I think the orchestra does a good job submitting the texture and the richness of the symphony.

youtube comments

*perfect interpretation!!!! well done! good work! i love it!﻿

Marvelous treatment for a memorable symphony. Love to listen﻿*


----------



## Oskaar (Mar 17, 2011)

*Bruckner Symphony No 6 A major Rafael Kubelik BRSO*

*Anton Bruckner Symphony No 6 in A major 
Rafael Kubelik conducts Bayerische Rundfunks Symphony Orchestra
I: Majestoso 0:00
II: Adagio. Sehr feierlich 13:45
III: Scherzo. Nicht schnell - Trio. Langsam 30:00
IV: Finale. Bewegt, doch nicht zu schnell 38:30*

The sound is not good, but I think this video may have great vintage value to some.
Seems like a good performance.


----------



## Oskaar (Mar 17, 2011)

*Borodin: Second Symphony*

*Koninklijk Concertgebouworkest o.l.v. Karel Mark Chichon / Royal Concertgebouw Orchestra

Borodin: Tweede symfonie / Second Symphony*

Very good performance of a great, exiting symphony.

youtube comments

*Starts out very brooding Russian, then gets lighter. This is a rather good performance. Borodin had some fetching tunes.﻿

One of my favorite symphonies. And what a fabulous orchestra. Great ensemble work until that little mishap at 27:11 which the conductor notices, of course.

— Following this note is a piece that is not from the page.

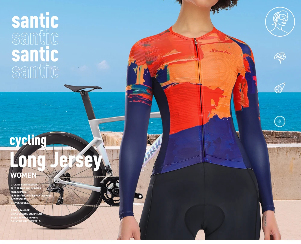 Santic Женская одежда для велоспорта, куртка с длинным рукавом, летняя, для улицы, для езды на велосипеде, MTB, для езды на велосипеде, солнцезащитная, дышащая, топ, Азиатский размер

Bravo!! ﻿

So many years trying to find a version of the Borodin second that could me bring back to those glorios 1960's years, when a fantastic eruption of music, orchestras, conductors, soloists etc..filled all our lives. This symphony marked my teens years and will remain in my soul forever...

One of the few symphonies I'm able to hear from start to end﻿*


----------